Ein Kommentar zu „Der Kelch, der vorübergehen möge

  1. Grauenvoll, man kann nur hoffen. Wengstens hat unsere Regierung für den nun folgenden Wirtschaftseinbruch eine tolle Entschuldigung.
    Anstatt nun hier im Gesundheitssystem noch zu retten, was kaum noch zu retten ist, phantasiert man schon wieder über die Aufnahme weiterer Migranten. Auch wenn es sich um Kinder handelt, bisher sind sie auch zurechtgekommen.

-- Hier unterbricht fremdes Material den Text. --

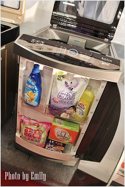 將打開前面板蓋子,裏頭可以放一些洗衣精/洗衣粉等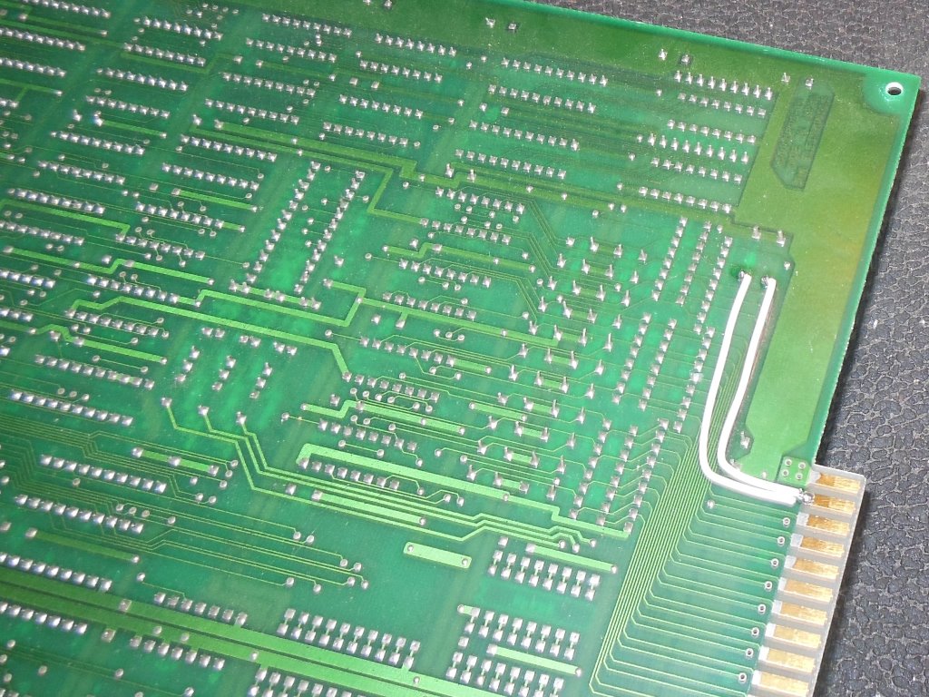Initially the board would fail one of the self-tests or not boot at all. The first step was to replace the inter-board ribbon cables that looked rough. That improved things considerably, with the game coming up most of the time (still crashing/not booting sometimes). The game wouldn't coin up, an issue that was traced to burnt out tracks between the edge connector and the coin input circuit on the PCB. With the tracks repaired the game could be coined and played. There some odd pixel sparkles here and there but aside from that everything appeared to be working fine. The no boot issue I left for now since it cleared on power cycle.

Wir haben doch nun weiß Gott andere Sorgen.
    Mein Hausarzt, auch schon über die 70 – er findet natürlich keinen Nachfolger – sieht das Problem allerdings weit weniger gravierend. Er erinnerte mich an die 25000 Grippetoten vor 2 Jahren um die auch kein großes Aufhebens gemacht wurde. Schlimm genug. Den Handschlag habe ich ihm erstmalig verweigert.
    Ich habe für uns an Vorräten eingekauft, was im Gefrierschrank unterzubringen war, dazu reichlich Konserven und Knäckebrot. Würde alles locker mindestens 4-6 Wochen reichen, aber leider nicht über ein halbes Jahr. Junge Einkäufer haben wir nämlich leider nicht. Vielleicht liefert ja Edeka, vorausgesetzt dort bleiben noch ein paar Gesunde übrig.
    Handdesinfektionsmittel mit Mühe noch drei Flaschen erstanden, es waren so ziemlich die letzten im Umkreis. Sorgen muss man sich auch über dringendst benötigte Arzneien. Da wurden die Omas mit mickrigen Renten verunglimpft, wenn sie billige Kotelett kauften, von wegen Geiz ist geil. Aber unsere fast gesamte Pillenproduktion wurde in Entwicklungsländer ausgelagert. Mit allen negativen Folgen. Da war Geiz nicht geil, sondern eine Schande für unser Land.
    Ihnen wünsche ich auch alles erdenklich Gute, Herr Stamer.